Reducing the Cost: Cross-Prompt Pre-Finetuning for Short Answer Scoring
Project Overview
The document explores the application of generative AI in education, particularly focusing on Automated Short Answer Scoring (SAS) through a two-phase approach that leverages cross-prompt training to enhance efficiency in preparing training data for various prompts. This method involves an initial pre-finetuning of a model using established rubrics and answers, followed by a finetuning phase tailored to a specific new prompt. The findings indicate that this approach significantly improves scoring accuracy, especially in contexts where training data is scarce, thereby addressing critical challenges such as data accessibility and the necessity for diverse training inputs. Overall, the use of generative AI in this context demonstrates promising outcomes in automating assessment processes, potentially leading to more streamlined and accurate evaluation methods in educational settings.
Key Applications
Automated Short Answer Scoring (SAS)
Context: School education and e-learning environments, targeting instructors and educational institutions.
Implementation: A two-phase training approach where a model is pre-finetuned on existing annotated prompts and then finetuned on a new prompt using key phrases.
Outcomes: Improved scoring accuracy and reduced training data requirements, particularly in settings with limited data.

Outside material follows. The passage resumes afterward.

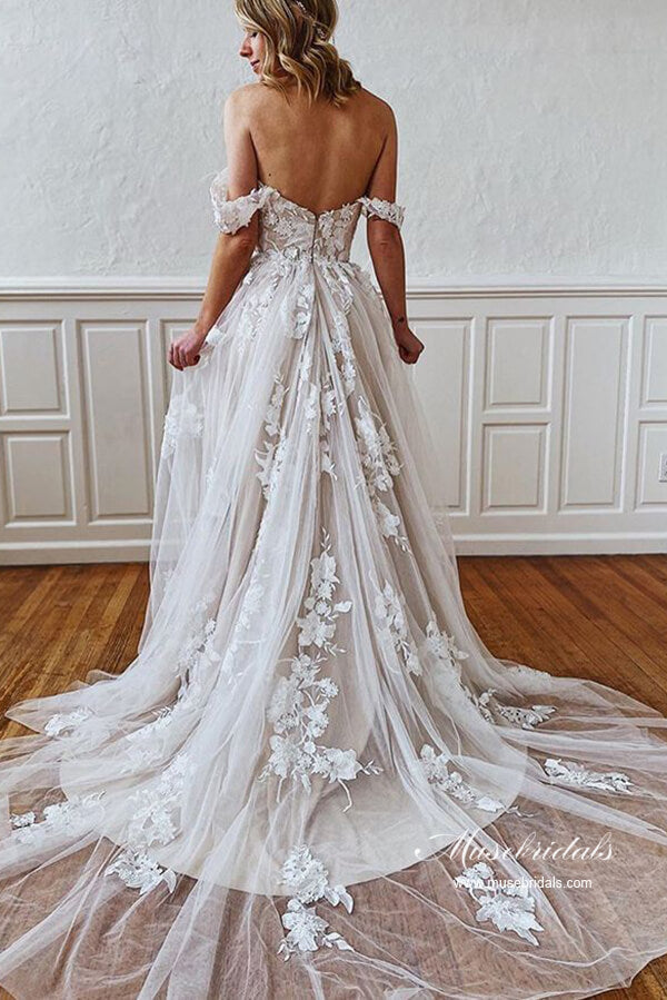 Tulle A-line Off Shoulder Sweetheart Floral Lace Beach Wedding Dresses.

Challenges: Data accessibility for cross-prompt data and the need for generalizability across different prompts.
Implementation Barriers
Data accessibility
Limited access to cross-prompt data can hinder the ability to effectively train a SAS model for new prompts.
Proposed Solutions: The proposed two-phase approach allows the model to be trained on existing rubrics and answers without needing access to cross-prompt data during the finetuning phase.
Generalizability
It's uncertain whether a model can learn useful scoring criteria from cross-prompt data for scoring new prompts.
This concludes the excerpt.